Matthew lo miró fijamente; tenía el labio superior perlado de sudor.
– No puedo hacer nada por ti, tío. Vosotros mismos habéis hecho que esto caiga sobre vosotros. Vosotros los habéis dejado entrar, tío. No podéis culpar a nadie más que a vosotros mismos.
Recorrió el rellano dando tumbos y empezó a bajar las escaleras pesadamente. Patrice titubeó, sorprendido, pero luego echó a correr tras él.
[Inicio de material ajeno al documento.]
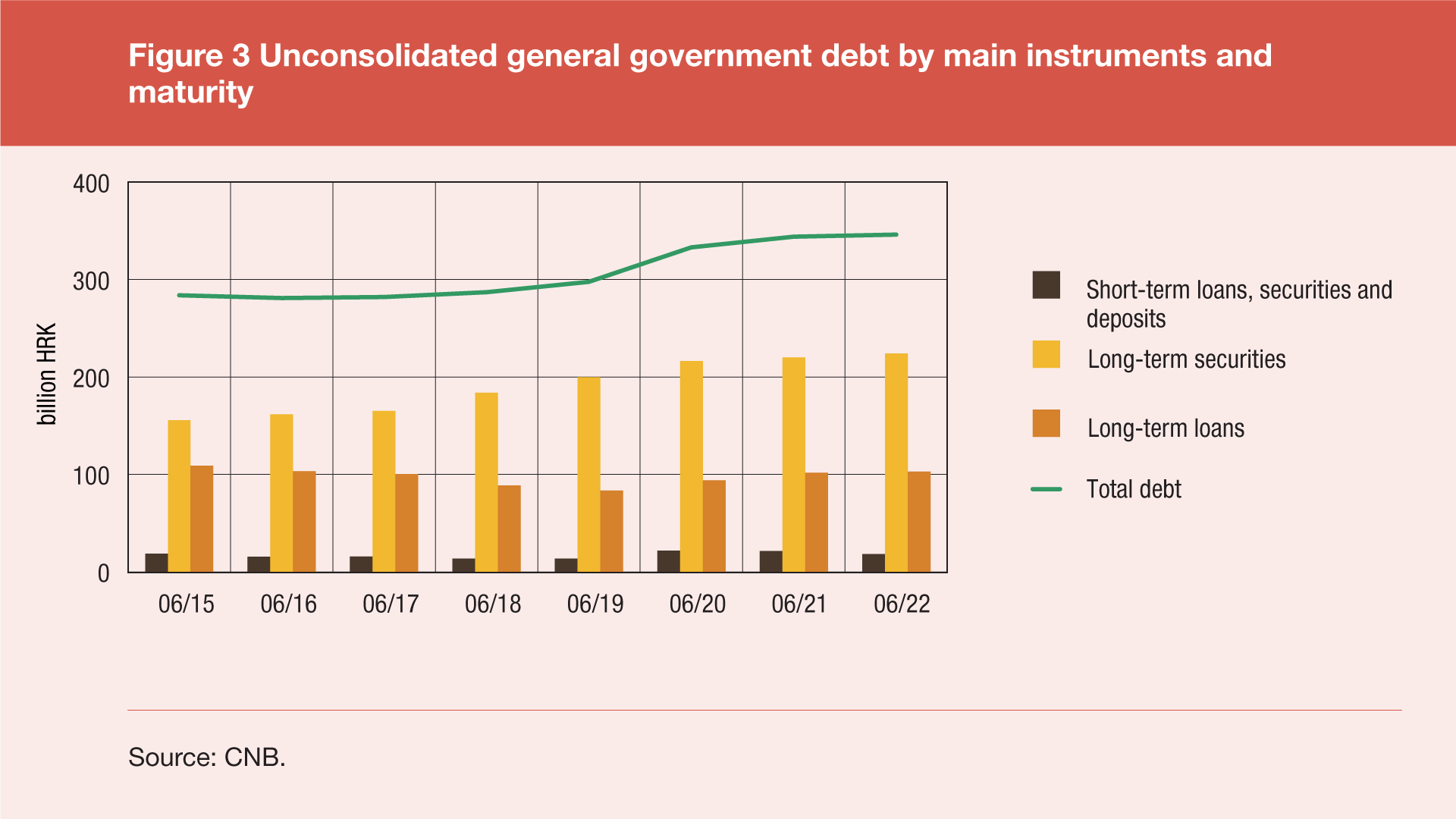 The general government debt structure by main debt instruments and maturity is available only on an unconsolidated basis[2]. Long-term debt instruments dominate the maturity structure of unconsolidated debt: at the end of June 2022 most of this debt was made up of bonds (64.8%), the second by importance were long-term loans (29.7%), and last were short-term loans, securities and deposits (jointly 5.5%). The short-term debt components decreased by HRK 3.1bn (or 14.3%) on an annual basis from the end of June 2021 to the end of June 2022, while the long-term debt components increased by HRK 5.5bn (or 1.7%) during the same period.

– ¿Y Verna? -le gritó por encima de la barandilla.
– Ojalá que Dios la conserve a salvo, es lo único que puedo decirte.
– Pero… ¿qué tengo que hacer yo?
Matthew se detuvo a mitad de las escaleras.
– Van a hacerle daño, Patrice. Van a hacerle daño de una forma que tú no puedes ni imaginar.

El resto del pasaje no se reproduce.